Gharibi Mohamed, Zachariah Arun, Rao Praveen
Department of Computer Science and Electrical Engineering, University of Missouri-Kansas City, Kansas City, MO, United States.
Department of Electrical Engineering and Computer Science, University of Missouri-Columbia, Columbia, MO, United States.
Front Big Data. 2020 Apr 29;3:12. doi: 10.3389/fdata.2020.00012. eCollection 2020.
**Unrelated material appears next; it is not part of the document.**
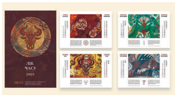
Рис. 6. Дар'я Серова. Фрагмент кваліфікаційного проекту «Символіка Трипільської культури в дизайні сучасного календаря». 2020.

While there exist a plethora of datasets on the Internet related to Food, Energy, and Water (FEW), there is a real lack of reliable methods and tools that can consume these resources. This hinders the development of novel decision-making applications utilizing knowledge graphs. In this paper, we introduce a novel software tool, called FoodKG, that enriches FEW knowledge graphs using advanced machine learning techniques. Our overarching goal is to improve decision-making and knowledge discovery as well as to provide improved search results for data scientists in the FEW domains. Given an input knowledge graph (constructed on raw FEW datasets), FoodKG enriches it with semantically related triples, relations, and images based on the original dataset terms and classes. FoodKG employs an existing graph embedding technique trained on a controlled vocabulary called AGROVOC, which is published by the Food and Agriculture Organization of the United Nations. AGROVOC includes terms and classes in the agriculture and food domains. As a result, FoodKG can enhance knowledge graphs with semantic similarity scores and relations between different classes, classify the existing entities, and allow FEW experts and researchers to use scientific terms for describing FEW concepts. The resulting model obtained after training on AGROVOC was evaluated against the state-of-the-art word embedding and knowledge graph embedding models that were trained on the same dataset. We observed that this model outperformed its competitors based on the Spearman Correlation Coefficient score.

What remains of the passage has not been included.